[Recorded information]
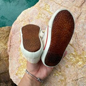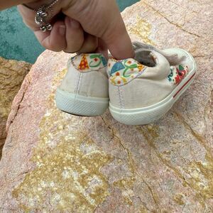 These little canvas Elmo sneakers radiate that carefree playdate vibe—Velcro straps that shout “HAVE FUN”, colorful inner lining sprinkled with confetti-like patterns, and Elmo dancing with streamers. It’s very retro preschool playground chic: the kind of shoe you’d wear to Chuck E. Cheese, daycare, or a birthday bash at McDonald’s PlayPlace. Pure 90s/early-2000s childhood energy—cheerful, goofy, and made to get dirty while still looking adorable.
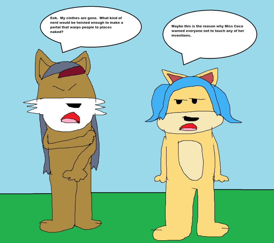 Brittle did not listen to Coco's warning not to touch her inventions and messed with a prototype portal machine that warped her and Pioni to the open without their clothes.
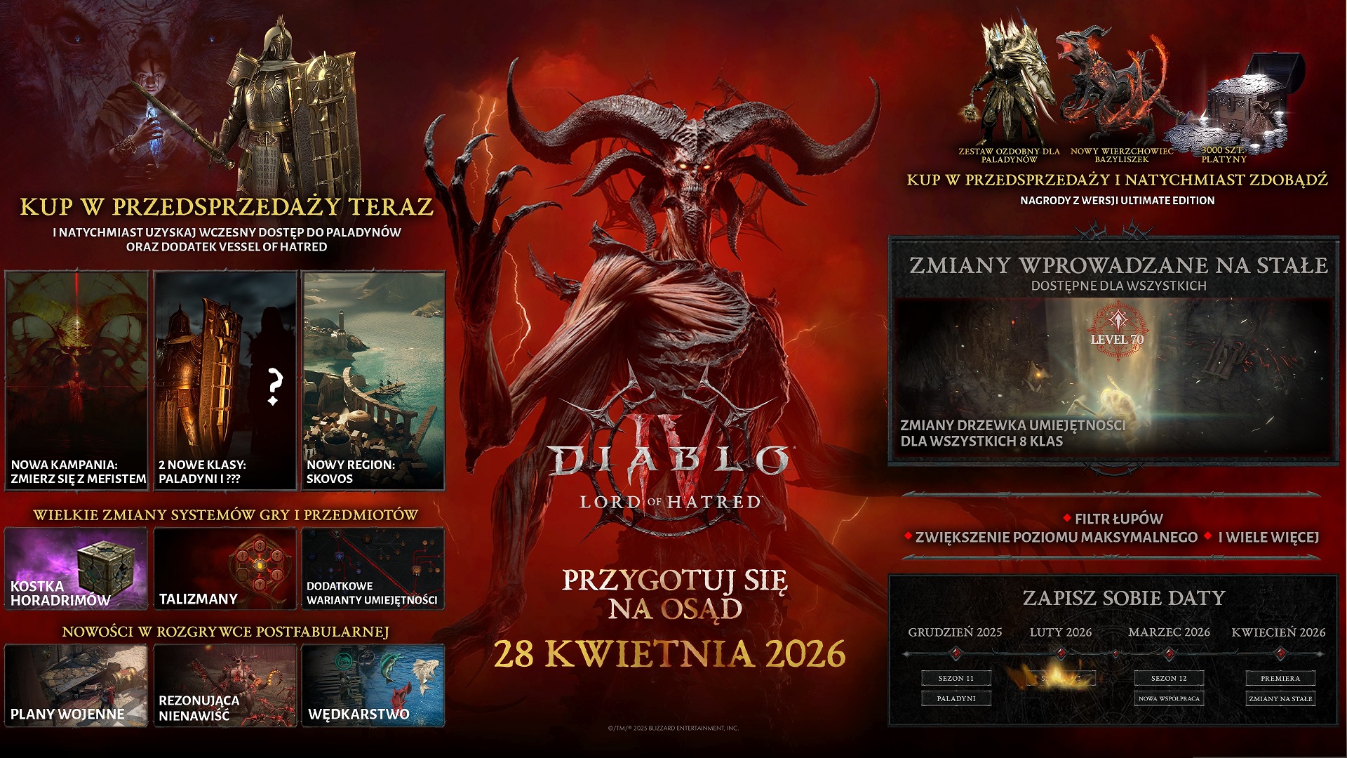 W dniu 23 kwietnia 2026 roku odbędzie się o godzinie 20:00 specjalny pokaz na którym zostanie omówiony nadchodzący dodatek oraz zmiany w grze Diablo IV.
[/Recorded information]
> What you are asked to do
Reproduce all the material exactly, omitting images.

> Response to the exercise
 These little canvas Elmo sneakers radiate that carefree playdate vibe—Velcro straps that shout “HAVE FUN”, colorful inner lining sprinkled with confetti-like patterns, and Elmo dancing with streamers. It’s very retro preschool playground chic: the kind of shoe you’d wear to Chuck E. Cheese, daycare, or a birthday bash at McDonald’s PlayPlace. Pure 90s/early-2000s childhood energy—cheerful, goofy, and made to get dirty while still looking adorable.
 Brittle did not listen to Coco's warning not to touch her inventions and messed with a prototype portal machine that warped her and Pioni to the open without their clothes.
 W dniu 23 kwietnia 2026 roku odbędzie się o godzinie 20:00 specjalny pokaz na którym zostanie omówiony nadchodzący dodatek oraz zmiany w grze Diablo IV.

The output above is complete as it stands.